Accessibility – You can access your data from any device with an internet connection, rather than being limited to the specific device where it is locally stored.

Collaboration – Cloud services make it easy to share and collaborate on documents with other users.

Reliability – Data stored in the cloud is often more reliable and secure than local storage, since it is hosted in data centers with backup power and redundancy to prevent data loss.

Scalability – Cloud storage can scale to meet your growing storage needs, while local storage has a fixed capacity.

However, depending on your needs, cloud storage may also have disadvantages like slower access speeds compared to a local drive, limitations on storage space, and reliance on the internet for accessibility. But it provides a convenient way to store files without an internal hard drive.

Data Backups

Regular backups are crucial to prevent permanent data loss in the event of a hard drive failure or removal. Without backups, all files and data stored on the hard drive will be lost and unrecoverable if the drive fails or is taken out. According to experts, regular backups are considered a best practice and essential part of any IT environment.

Backups create redundancy for your data by copying files and storing them in a secondary location, either locally or in the cloud. Should anything happen to your primary hard drive, you can restore from a recent backup and avoid significant data loss. How often you backup depends on how much data change occurs and your tolerance for potential data loss between backups. Many recommend daily or weekly backups for most users.

Without a backup solution in place, removing the hard drive leaves you empty-handed. Years of files, documents, photos, downloads, programs, settings and more will disappear instantly. No backup means starting over from scratch. Protect yourself by implementing regular backups appropriate for your use case before drive removal.

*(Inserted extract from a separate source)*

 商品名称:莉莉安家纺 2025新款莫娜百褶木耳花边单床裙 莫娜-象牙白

When removing a hard drive from a computer, it’s important to take precautions to avoid damaging sensitive components. Here are some tips for safely removing the drive:

Make sure to ground yourself before handling the hard drive by touching a metal part of the computer case. This prevents static buildup which could potentially damage components (source). Wear an anti-static wrist strap if possible.

Be very gentle when disconnecting cables and handling the drive itself. Don’t bend or flex the cables, and avoid knocking or dropping the drive. Hard drives contain fragile moving parts inside.

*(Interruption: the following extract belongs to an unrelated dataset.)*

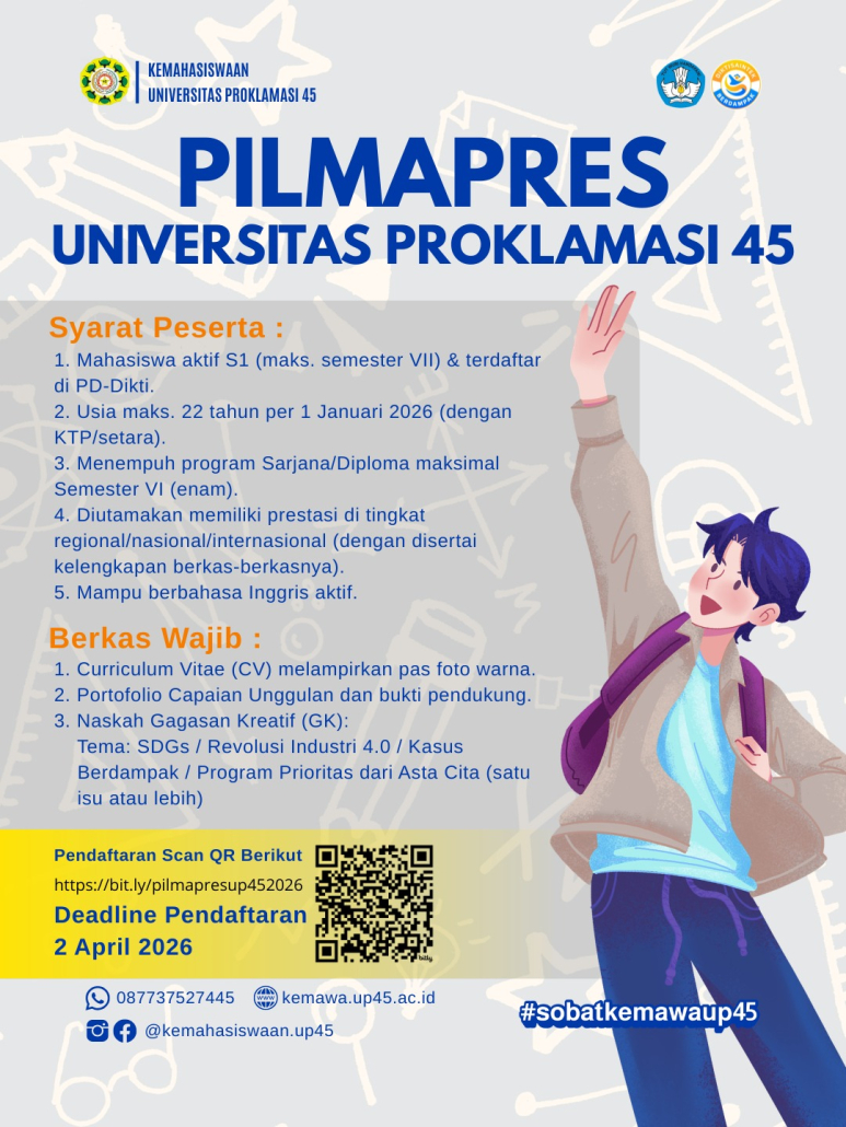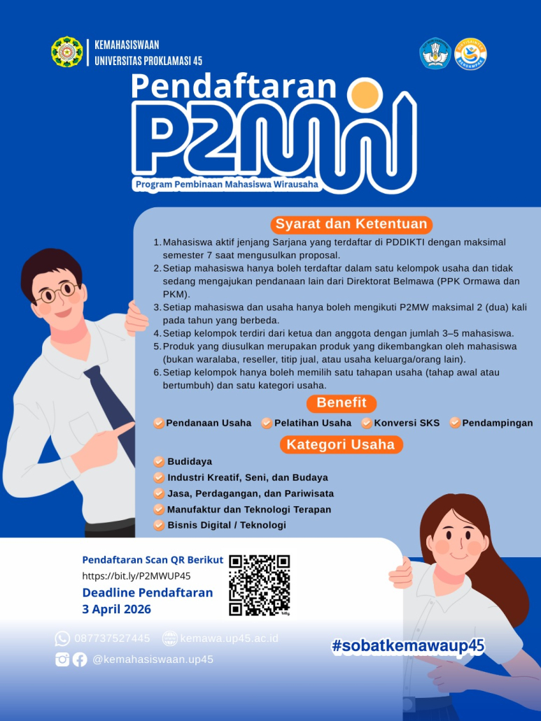 🔗 Segera lakukan pendaftaran melalui link https://bit.ly/P2MWUP45 atau scan QR pada flyer dan jadilah bagian dari mahasiswa yang berani berinovasi dan berwirausaha! Jangan lewatkan kesempatan untuk mengembangkan ide bisnis dan mendapatkan dukungan langsung dari program nasional!

Place the hard drive on an anti-static surface after removal, or insert it into an anti-static bag for storage or transport. This prevents static electricity from building up on the drive.

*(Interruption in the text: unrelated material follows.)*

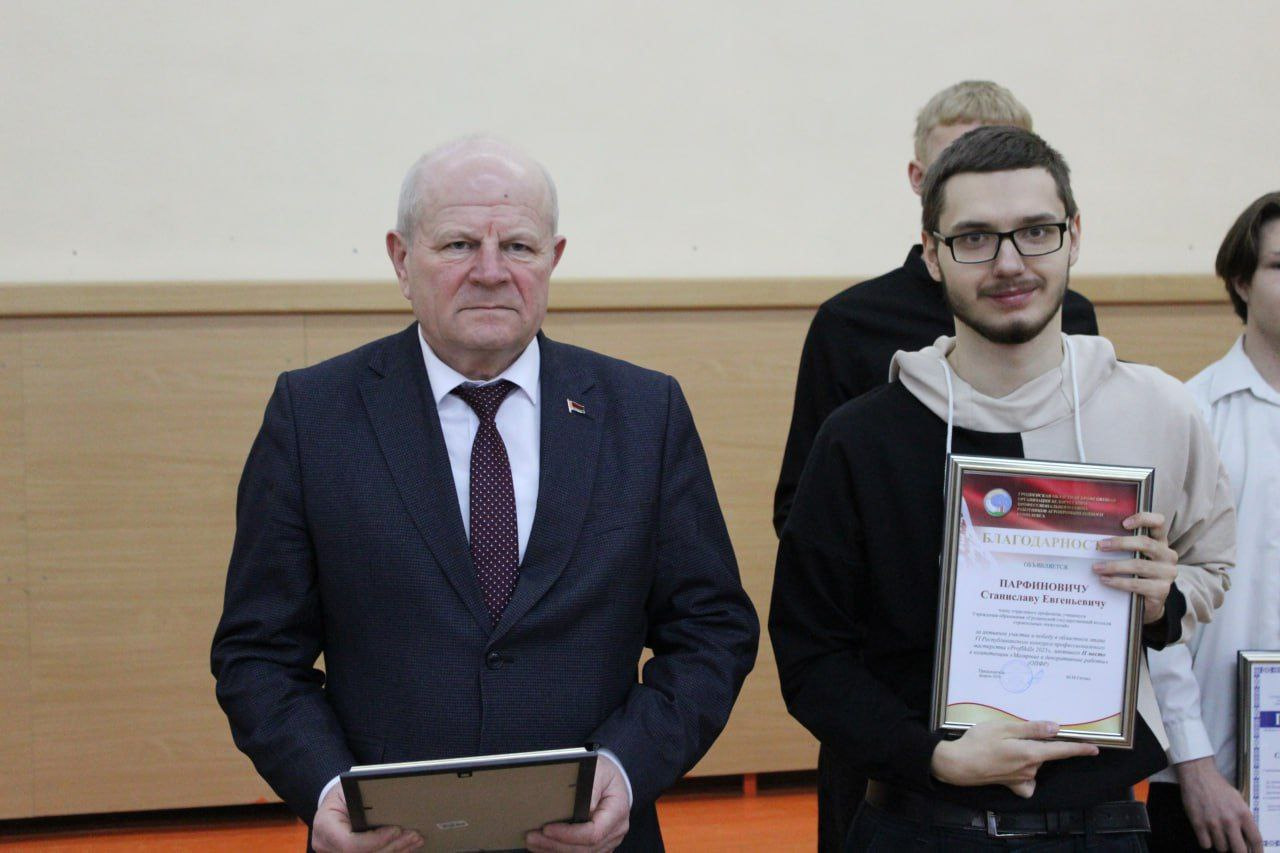 Торжественной линейке УО "Гродненский государственный колледж строительных технологий" наградил учащихся-победителей областного этапа VI Республиканского конкурса

Use the proper screwdriver for removing case screws to avoid stripping them. Magnetic screwdrivers can also damage drives, so use a non-magnetic one.

Consult your computer or drive manual for any specific precautions related to safely removing that model of drive. Follow all manufacturer instructions.

With care and awareness, you can remove a hard drive without causing any damage. Taking simple precautions goes a long way toward keeping your components safe.


In summary, removing the hard drive from your computer has several key effects that users should be aware of. Immediately, the computer will fail to boot up properly without the hard drive installed. Long-term, all data stored locally on the hard drive will be inaccessible unless the drive is reinstalled or mounted externally. Data recovery is possible but may require professional help if the drive is damaged.

There are various precautions users should take before removing a hard drive, such as backing up data and ensuring their files are transferred elsewhere. Replacement or external hard drives can be used to regain functionality after removing the main internal hard drive. Cloud storage and regular backups are recommended to prevent permanent data loss.

Overall, removing the hard drive disables the computer’s ability to boot up normally and access locally stored files. With proper precautions and replacements, users can recover from a removed hard drive, but it requires planning and care to avoid losing data.